*PROBLEM DETAILS:*
Should pictures appear among the records, leave them out, and copy exactly only the lines from the first through the one with "白俄罗斯总统卢卡申科在新落成", inclusive.

=== SUPPLIED INFORMATION ===

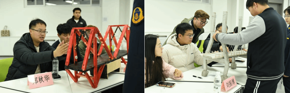 活动当天,道桥工程学院24级、25级参赛队伍齐聚赛场,凭借精巧设计、细致制作与严谨结构分析,展开了一场别开生面的创意比拼。选手们结合专业知识,条理清晰地阐述桥梁模型的设计理念、结构特点与创新亮点:有的采用创新材料组合,在减重与提升承载能力间实现精妙平衡;有的造型设计独具巧思,将美学表达与工程实用完美融合,充分展现了青年学子的专业积淀与创新潜力。
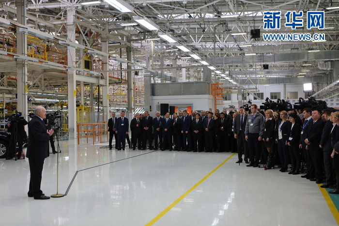 白俄罗斯总统卢卡申科在新落成的白俄罗斯吉利乘用车制造厂与工人们进行现场交流。记者魏忠杰 摄
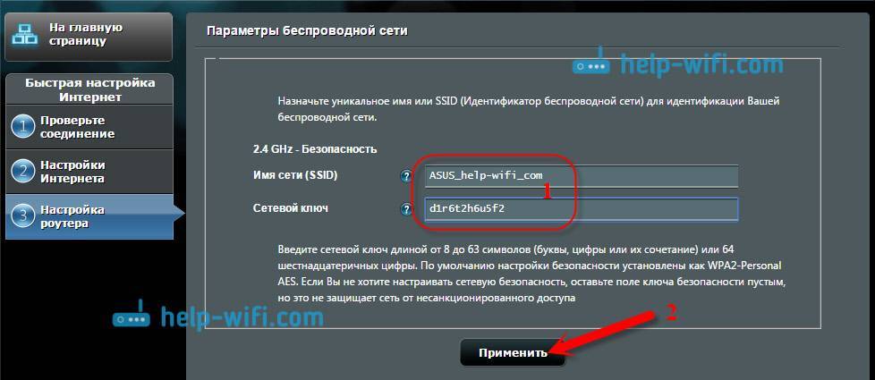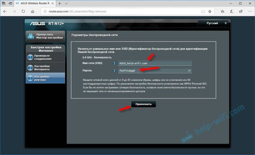Дальше нужно настроить Wi-Fi сеть Asus RT-N12E. Желательно поменять имя WI-FI сети и обязательно установить пароль на эту сеть. Пароль рекомендую сразу куда-то записать.
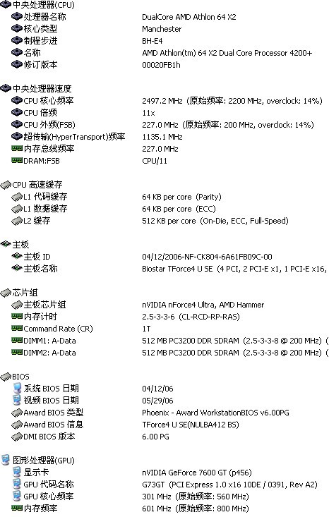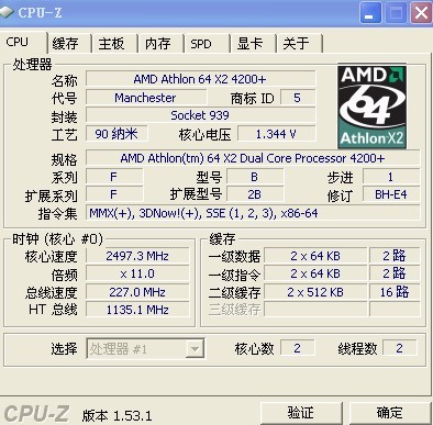 处理器:AMD Athlon64*2 4200+ E4 OC2.5G(227*11)
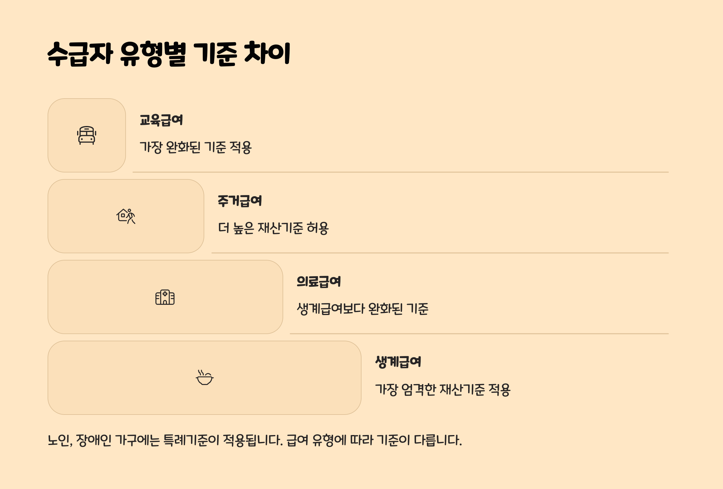 기초생활수급자 안에서도 유형이 다양해요. 생계급여, 의료급여, 주거급여, 교육급여 등 각각의 급여별로 요구되는 기준이 달라요. 예를 들어 생계급여는 가장 엄격한 기준이 적용돼요.
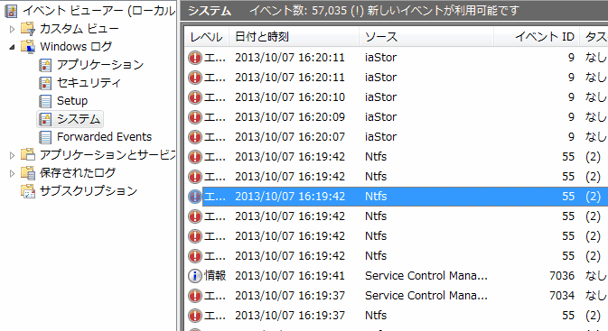 今日は一日暑かった! この時期にしては異常な 30℃超えという気温もさることながら、またまた PCの不調でやらなくてもいいことをやってドツボにハマるいつものパターンでオーバーヒート気味。 ついこの間、メインマシンでバックアップ領域不足の警告が出たので、HDDを 1TB>2TBに交換したが その前後から若干動作がおかしくなった。最初は Explorerのブラウズが切れたり、応答しなくなったりという現象だが隣のサブマシンだと問題なくサーフィンできている。ルータより上流は問題ないことになるのでネットワークの設定か関連ファイルがおかしいのかと思ったが、Google Chromeや FireFoxは特に問題無さそうで、こちらを規定のブラウザに切り替えて凌いでいた。それがこの 3日ほど時々 Explorerがハングアップしたり、最悪O/Sがクラッシュして突然リセットが発生するようになった。最初は 勝手にバージョンアップされた Explorerの Ver.10のせいかとも思ったが、再起動時に DSKCHKが走るし、どうも O/Sの入っている SSDが部分的にエラーっぽい。で、CristalDiskInfoを起動して SMART情報を表示させるが、診断は「正常 100%」で各指標値は殆ど問題ない値。ただ生の値で「ECC訂正不可能エラー数」や「リードエラーレート」という項目が<数百万(十進)>という値になっているのが気になる。「代替処理発生回数」も一桁ながら「0」ではない。  で、Windowsのイベントビューアを起動してエラーログを見ると 「iaStor」や「Ntfs」という ストレージ関係のエラーがズラーッと並んでいるではないか!!!  これはヤバイっ! というので、早々にバックアップを取ろうとしたら O/Sのシステムバックアップでも Paragonのバックアップでも開始早々に「I/Oエラー」で止まってしまう。ウ~ン、まだ 1年と使っていない ADATA製 SX900シリーズの SSDなんだが、やはり SSDなんだと思い知らされた。今年の夏の高温が命取りに成ったのかとも思ったが、CristalDiskInfoの温度の表示は最悪値が 46℃でマージンはあったと思う。O/Sのドライブながら書き込み失敗は「0」なので、どうやらフラッシュメモリのセルから長期的に電子が徐々にリークしていっているような??? フラッシュも揮発するなら一定期間(1ヶ月とか)でリフレッシュが必要?なんて冗談にもならない。 さて、どうしたものか? 1年以上まえのバックアップを HDDに戻そうか・・・・と昨夜遅くまで思案して、SSDのファームのアップデートを探して更新したり、悪あがき。しかし、状況は一向に改善しない。意気消沈して寝たので、今朝は寝覚めが悪かった。 それが今日昼過ぎに、ダメ元と思って再度 O/Sのバックアップでシステムを含めてバックアップして、期待しないで暫くの間外出して戻ったら 何となくエラーが出ないで終わったっぽい。バックアップの中身を覗くと一応 Windowsフォルダも見える。慌てて、今度は Windows上で Paragonの DriveBackup & Recoveryを走らせてみたら、30分程度で何もなく終了。 試しにそのバックアップを別のHDDに Restoreしてみると、エラーは出ない。Windowsのインストールディスクで修復を実行したら、なんの問題もなく立ち上がってしまった? 昨夜までのあのリードエラーの嵐は一体何だったんだろう?? リストアしたO/Sで Explorerを 数分だけ実行してみたが、その間は特に問題も出ない??? 狐につままれたような気分だが、とりあえず最悪の事態は避けられた模様。 と言うことで、念の為に バックアップしたディスクイメージを使って、常用 2TBの HDD先頭に残しておいた空き領域にそのイメージをリストアして、イザという時の緊急対応用とすることに。
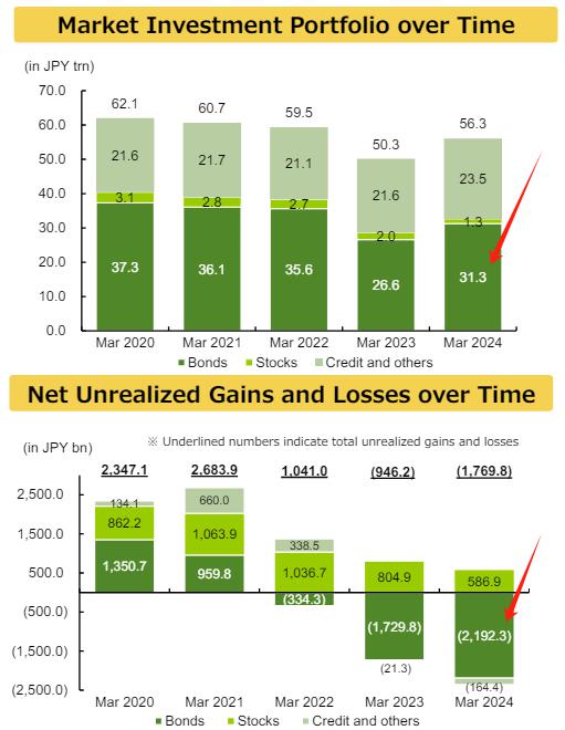 根据农林中金上个月公布的文件,截至今年 3 月份,该行 31.3 万亿日元的债券持有量约占其整体投资组合的 56%,这一部分的未实现亏损达到了 2.19 万亿日元。
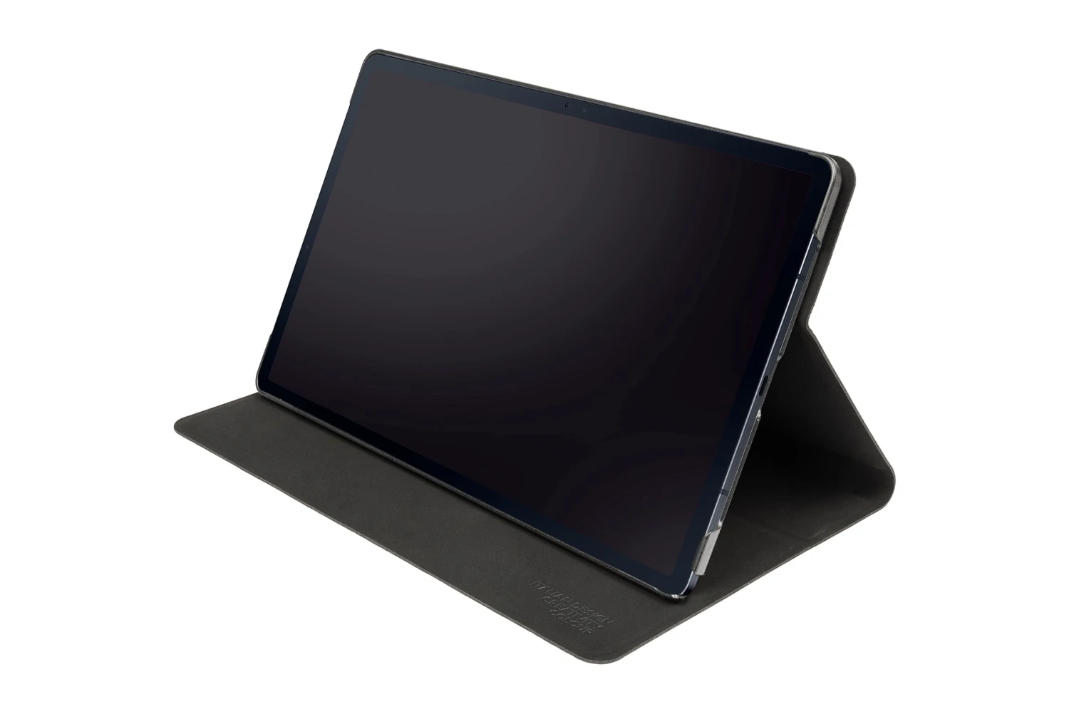 Multifunktionales Hartschalencase aus robusten gummierten Material in 3D Optik. Der faltbare Deckel vereint Schutz- und Standfunktion . Das Außenmaterial ist angenehm griffig, der Innendeckel ist ist mit weicher Mikrofaser bezogen. Der stabile Hartschalenclip ist auf dem rückseitigen Innendeckel teilfixiert und läßt sich so horizontal variabel einstellbar als Stand nutzen. Zum Schreiben läßt sich der Faltbare Deckel aufrollen und bildet dann einen Keil mit relativ flacher Neigung. Beim Öffnen und Schließen des Deckels wird das Gerät aktiviert bzw. in den Ruhemodus versetzt.
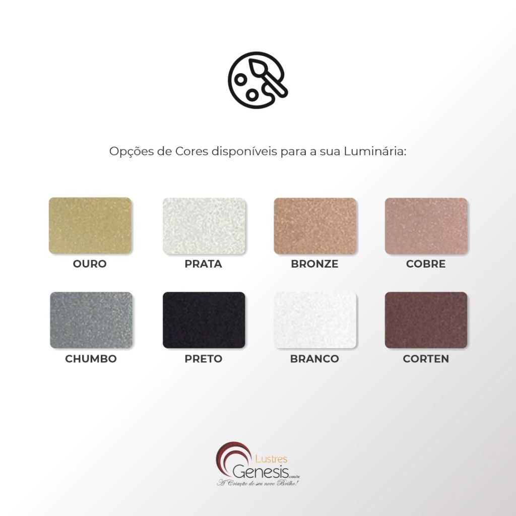 Cores: Cobre Rose Gold, Ouro, Preto, Bronze, Chumbo, Preto, Branco e Corten.
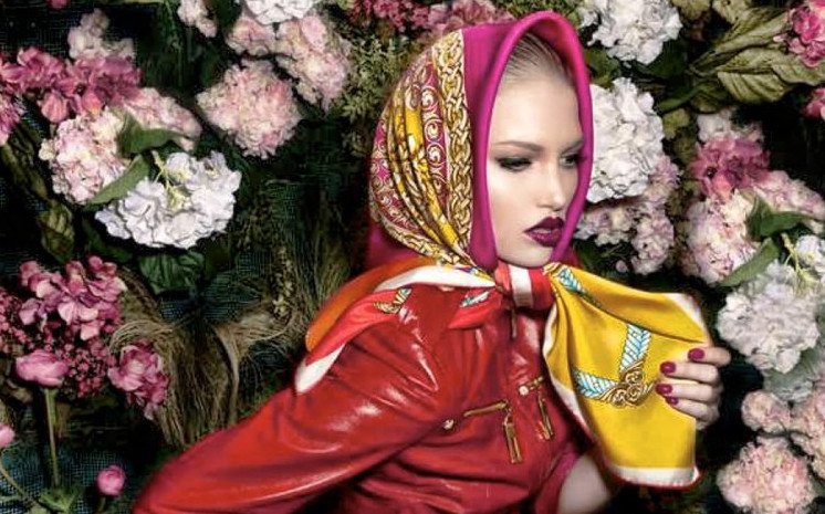 Симпатичная девушка красавица в модном платке.
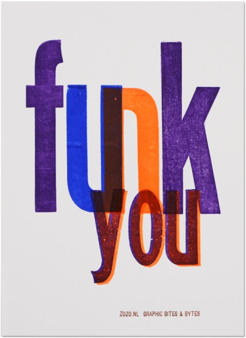 Funk you is de tegenhanger van de bekende verbale middelvinger. Een grafische knipoog voor funk lovers.
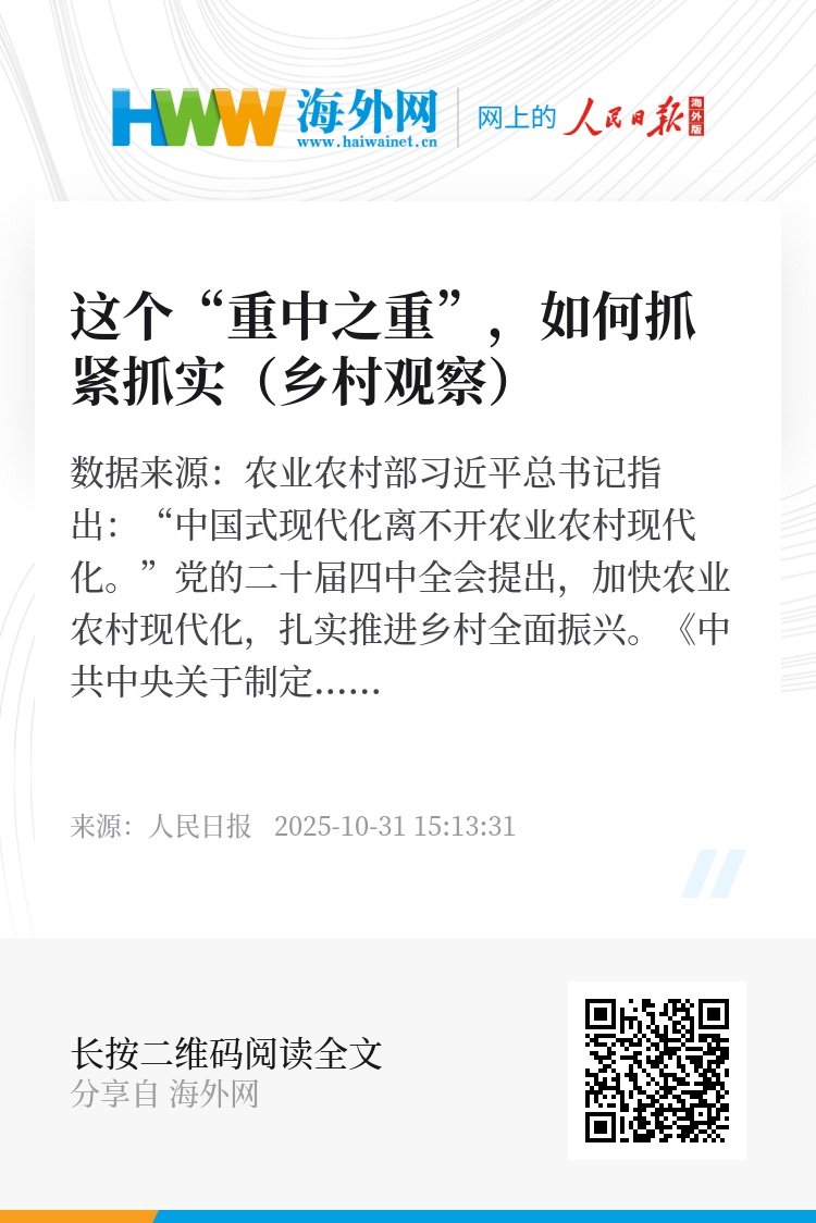习近平总书记指出:“中国式现代化离不开农业农村现代化。”党的二十届四中全会提出,加快农业农村现代化,扎实推进乡村全面振兴。《中共中央关于制定国民经济和社会发展第十五个五年规划的建议》(以下简称《建议》)强调,坚持把解决好“三农”问题作为全党工作重中之重,促进城乡融合发展,持续巩固拓展脱贫攻坚成果,推动农村基本具备现代生活条件,加快建设农业强国。
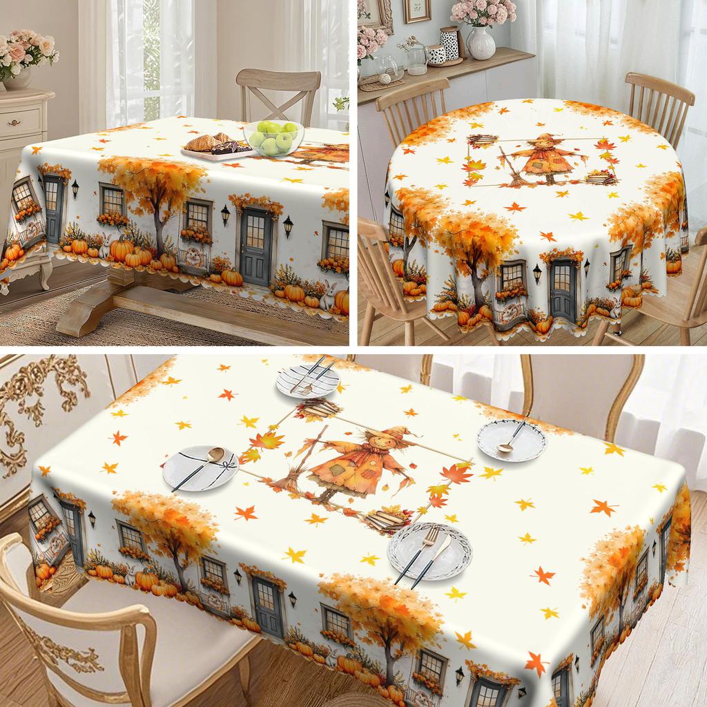 1 Fall Thanksgiving Vintage Elegant Pattern Tablecloth, Vintage Arch Swing, Maple, Pumpkin Tablecloth

===

*SOLUTION FOR THIS TASK:*
 活动当天,道桥工程学院24级、25级参赛队伍齐聚赛场,凭借精巧设计、细致制作与严谨结构分析,展开了一场别开生面的创意比拼。选手们结合专业知识,条理清晰地阐述桥梁模型的设计理念、结构特点与创新亮点:有的采用创新材料组合,在减重与提升承载能力间实现精妙平衡;有的造型设计独具巧思,将美学表达与工程实用完美融合,充分展现了青年学子的专业积淀与创新潜力。
 白俄罗斯总统卢卡申科在新落成的白俄罗斯吉利乘用车制造厂与工人们进行现场交流。记者魏忠杰 摄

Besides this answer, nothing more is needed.